• Activity: Retype every line from the top of the entries down to the one with "PrintCrockpot French Onion", both included, and skip the pictures.

• Input records:
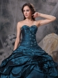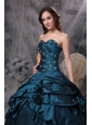 Modest Teal Ball Gown Sweetheart Quinceanea Dress Taffeta Appliques Floor-length
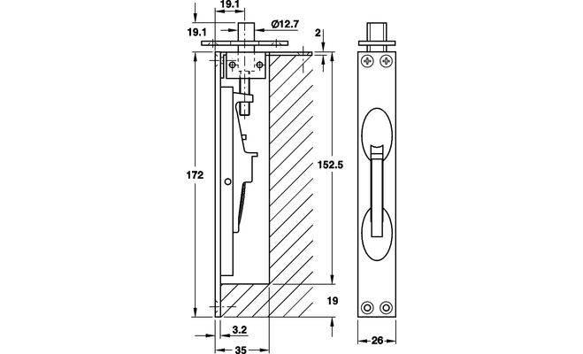 Технические характеристики Шпингалет врезной, латунь 26x172 мм
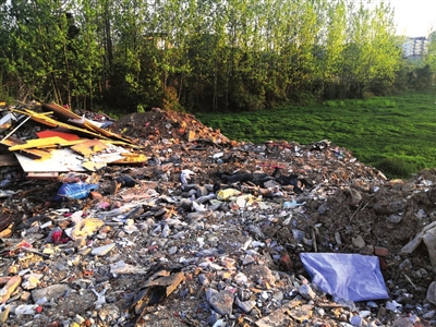 【记者暗访】4月14日下午6时许,记者来到咸宁绿地工地,经过一番走访发现,位于咸宁绿地售楼部右侧马路右边一处花坛绿化带堆积着建筑垃圾,不远处的围墙下还有少许生活垃圾。
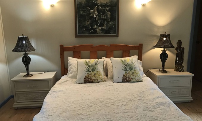 Maison de niveau inférieur de 2 chambres. À distance de marche de la plage par la piste de brousse. Cadre de brousse à partir d'une grande véranda extérieure. Situé en face des promenades côtières surplombant l'océan. Nouvelle salle de bain et cuisine. Magnifiquement décoré. Linge disponible Jardins avant et arrière pour votre plaisir. À distance de marche de grands cafés et d'autres plages. La piste Bush vous emmène à l'affût du cou.
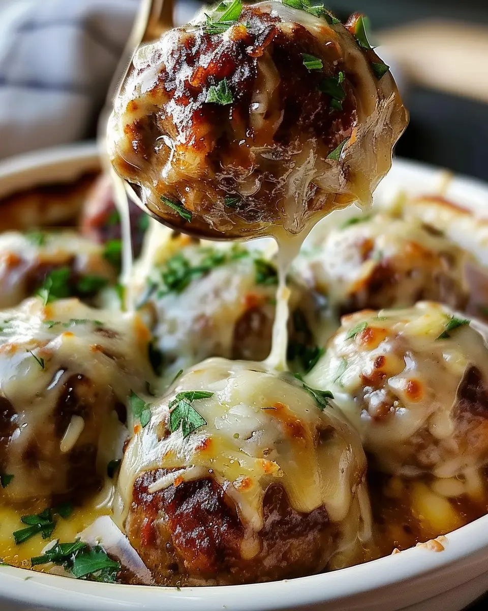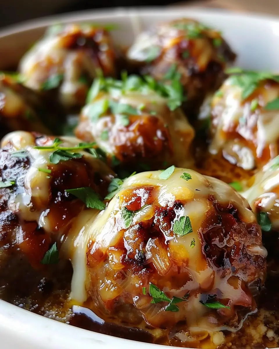 PrintCrockpot French Onion Meatballs: 5 Easy Steps to Comfort Bliss
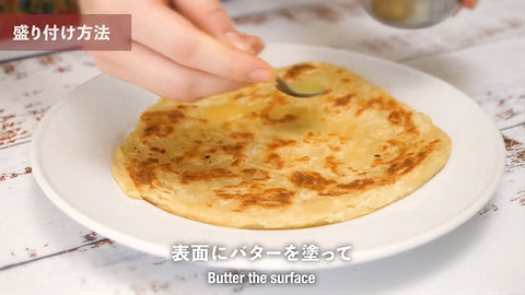 全粒粉の生地を広げ、畳んでギー(インドバター)を塗り伸ばし、また畳んで伸ばし……と何度も繰り返して最後は鉄板でパリッと焼く、インド風のデニッシュパン。デニッシュといっても甘くはないのでカレーやお惣菜と一緒に召し上がってください。口に入れるとじゅわっと広がるバターの香りとモチモチの食感がたまりません。
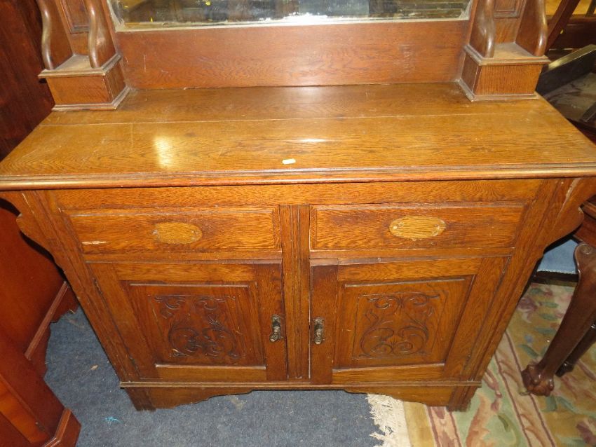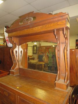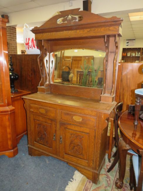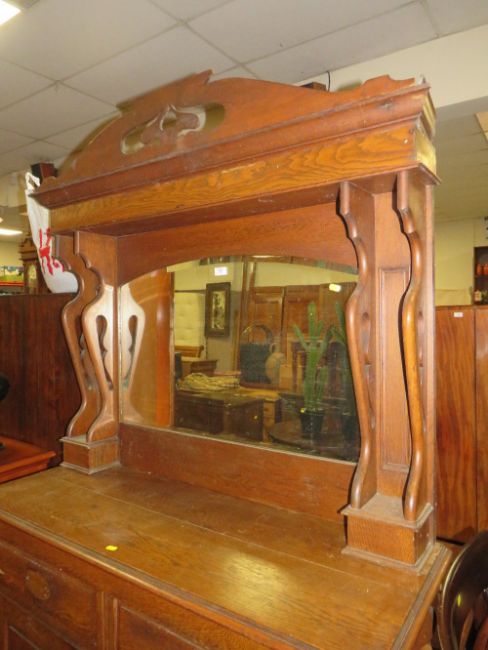 AN OAK EARLY 20TH CENTURY MIRRORBACKED SIDEBOARD H-205 W-126 CM
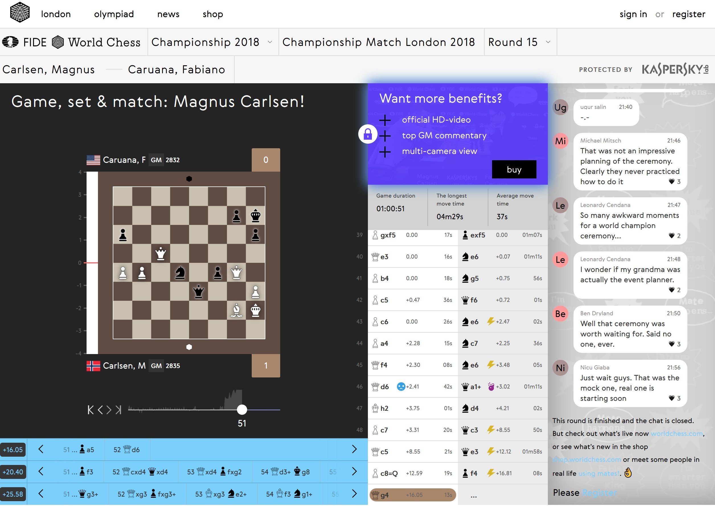 La cosa ha cambiado en el enfrentamiento entre Carlsen y Caruana de estos últimos días. Vivimos en la época de Twitch y de YouTube, y las retransmisiones ajedrecísticas han cobrado una nueva dimensión: eran varias las opciones para hacer el seguimiento —yo me conecté varias veces a WorldChess.com y a Chess.com—, pero lo mejor de todo es que ese seguimiento estaba pensado casi para neófitos. En WorldChess, por ejemplo, una barrita a la izquierda del tablero indicaba si blancas o negras tenían cierta ventaja, pero además encima de ese tablero siempre aparecía una pequeña frase, un titular con el que situarse rápidamente si llegabas tarde a la retransmisión.
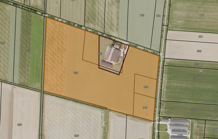 – Voorafgaand aan de inschrijfprocedure is een kadastrale splitsing opgestart om de bovengenoemde percelen kadastraal te splitsen. Daarbij zal de locatie Spapenhoefstraat 1, inclusief het onderliggende bouwblok, een eigen kadastraal nummer verkrijgen. De totale oppervlakte van het perceel dat te koop wordt aangeboden bedraagt hierdoor circa 11.11.50 hectare. Eventuele meer- of minderoppervlakte zal naar evenredigheid worden verrekend. De locatie Spapenhoefstraat 1 met ca. 1,30.00 ha. ondergrond behoord derhalve niet bij de verkoop.
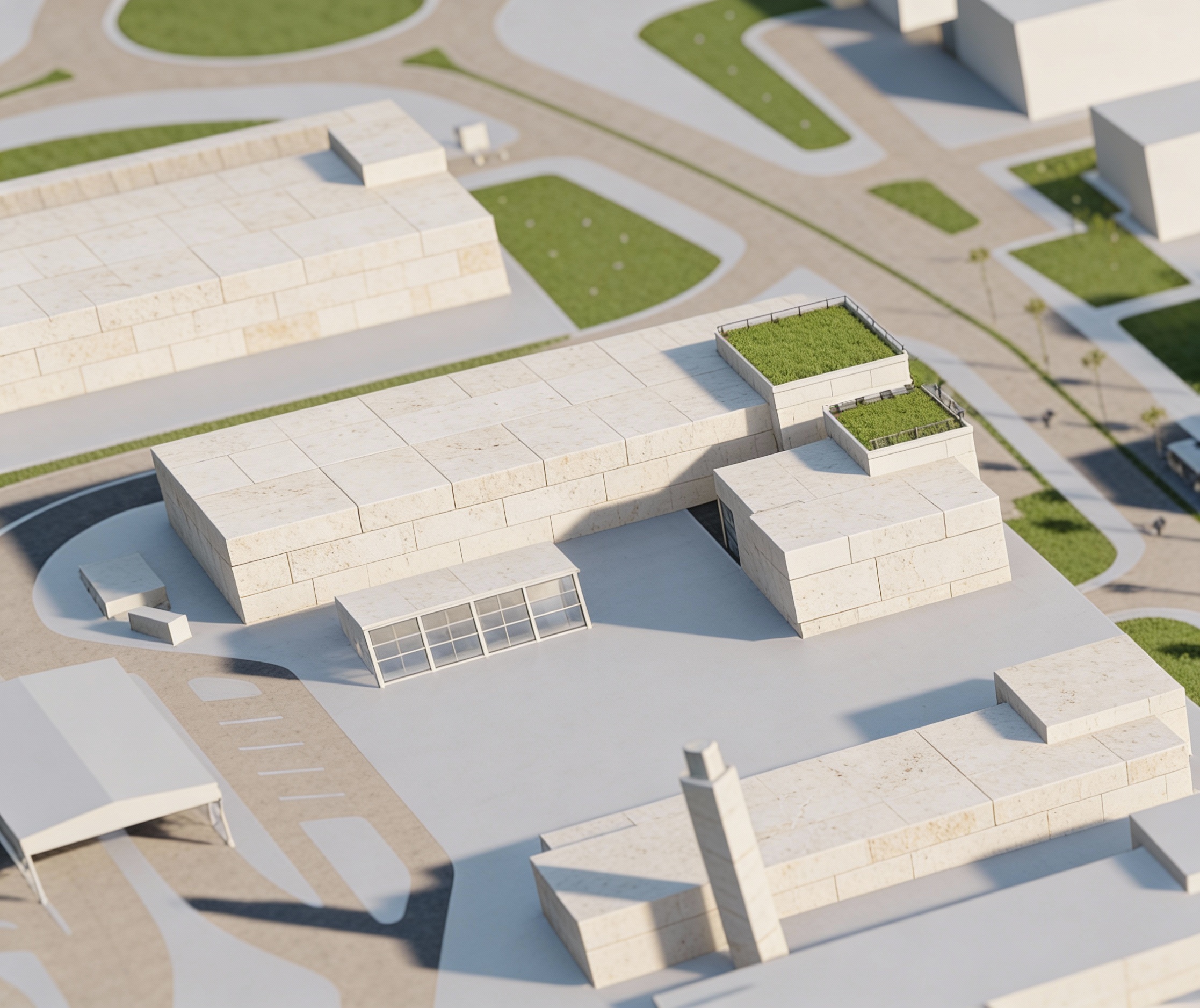 render a modern architectural design featuring a minimalist house with large glass windows and flat roofs use soft white for the walls paired with light beige accents for contrast render the pool with a clear inviting blue create an atmosphere of tranquility and luxury set during golden hour to enhance the warmth of the scene surround the house with subtle greenery and ensure the light casts gentle shadows for added depth
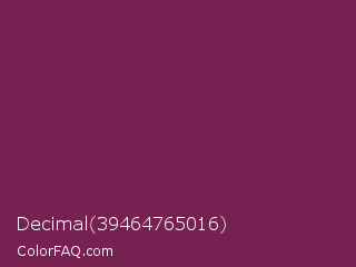 Decimal 39464765016 Color is a dark magenta color and the nearest color is Pansy Purple #78184a. Hex code #762152 and RGB value is rgb(118,33,82). In RGB color space, this color is composed of 46% red, 13% green, 32% blue, In CMYK color space, this color is composed of 0% cyan, 72% magenta, 31% yellow , 54% black , In HSL color space, this color has a hue angle of 325° , 56% saturation and 30% lightness.
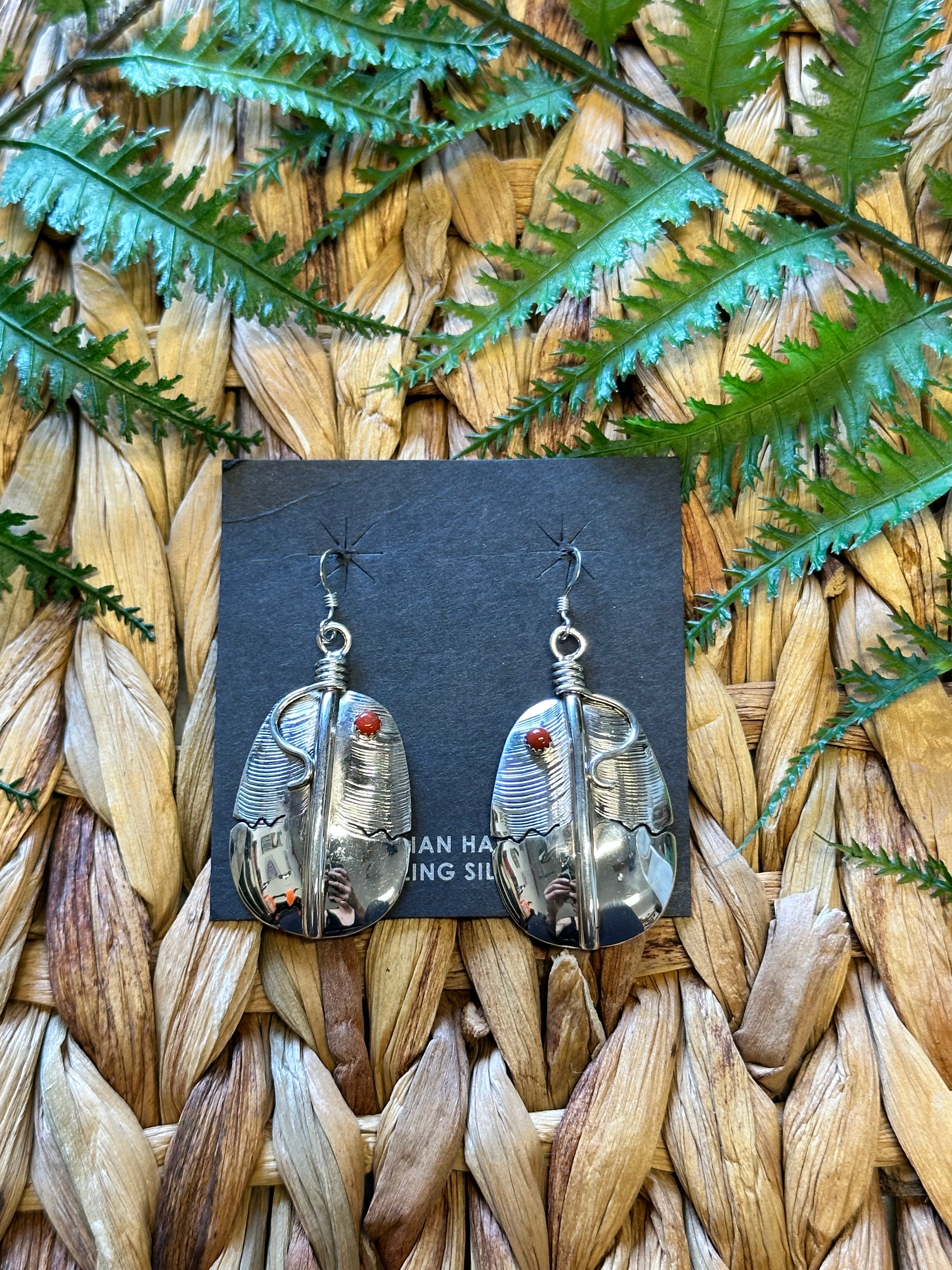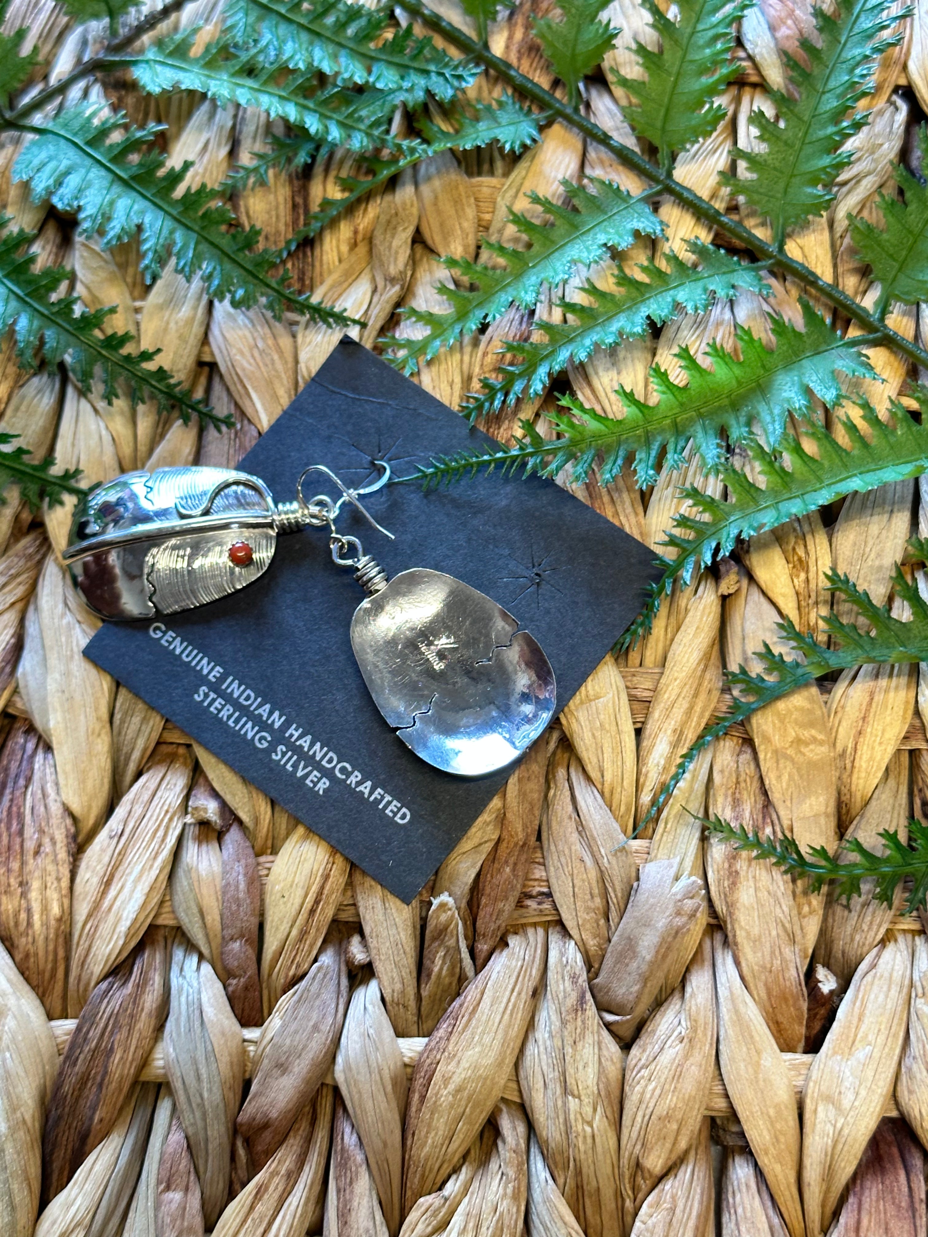Navajo Made Coral & Sterling Silver Dangle Feather Earrings
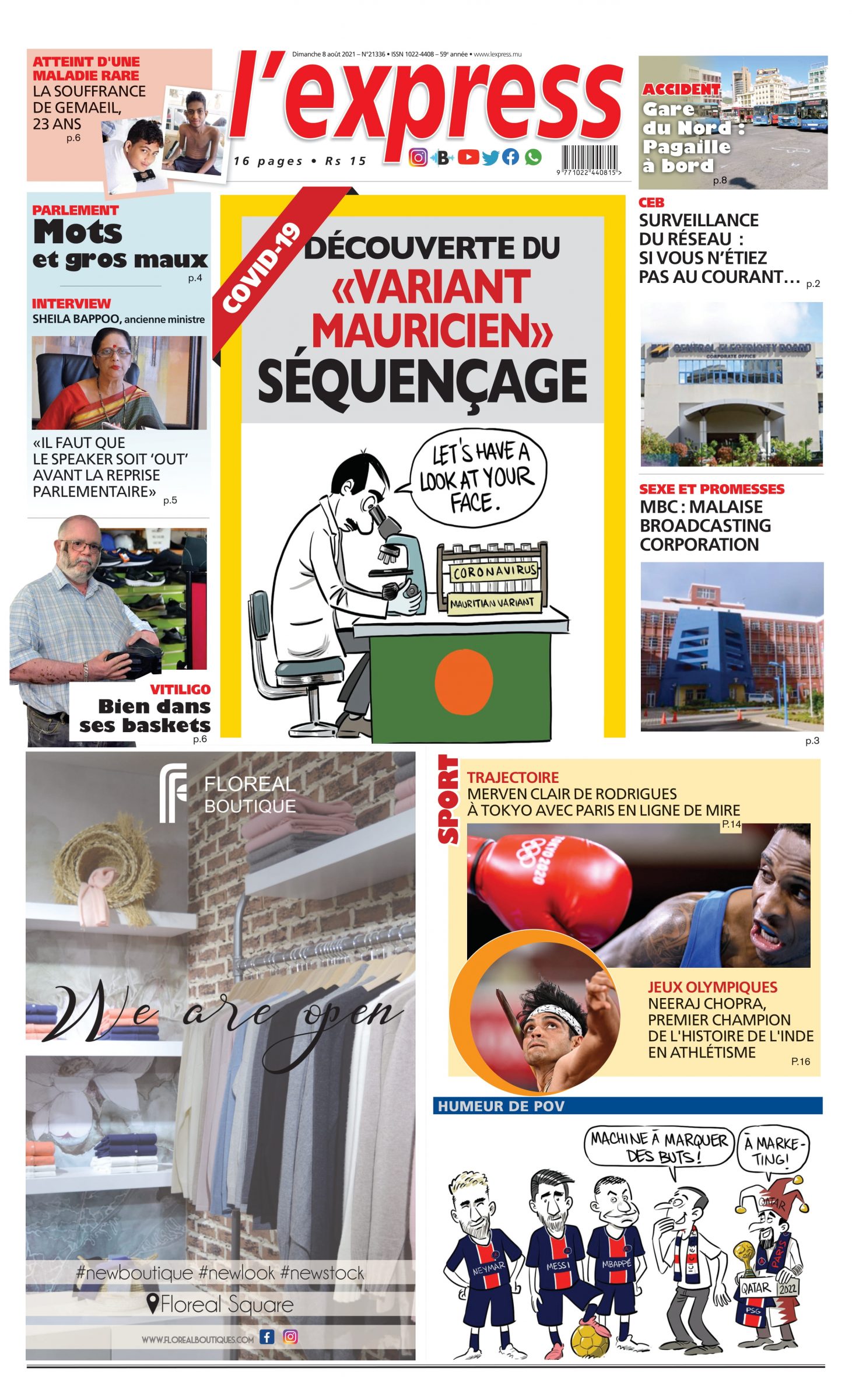 En Une de l'express:Découverte du «variant mauricien»Séquençage;Autre titre; Parlement:Mots et gros maux

• Solution:
 Modest Teal Ball Gown Sweetheart Quinceanea Dress Taffeta Appliques Floor-length
 Технические характеристики Шпингалет врезной, латунь 26x172 мм
 【记者暗访】4月14日下午6时许,记者来到咸宁绿地工地,经过一番走访发现,位于咸宁绿地售楼部右侧马路右边一处花坛绿化带堆积着建筑垃圾,不远处的围墙下还有少许生活垃圾。
 Maison de niveau inférieur de 2 chambres. À distance de marche de la plage par la piste de brousse. Cadre de brousse à partir d'une grande véranda extérieure. Situé en face des promenades côtières surplombant l'océan. Nouvelle salle de bain et cuisine. Magnifiquement décoré. Linge disponible Jardins avant et arrière pour votre plaisir. À distance de marche de grands cafés et d'autres plages. La piste Bush vous emmène à l'affût du cou.
 PrintCrockpot French Onion Meatballs: 5 Easy Steps to Comfort Bliss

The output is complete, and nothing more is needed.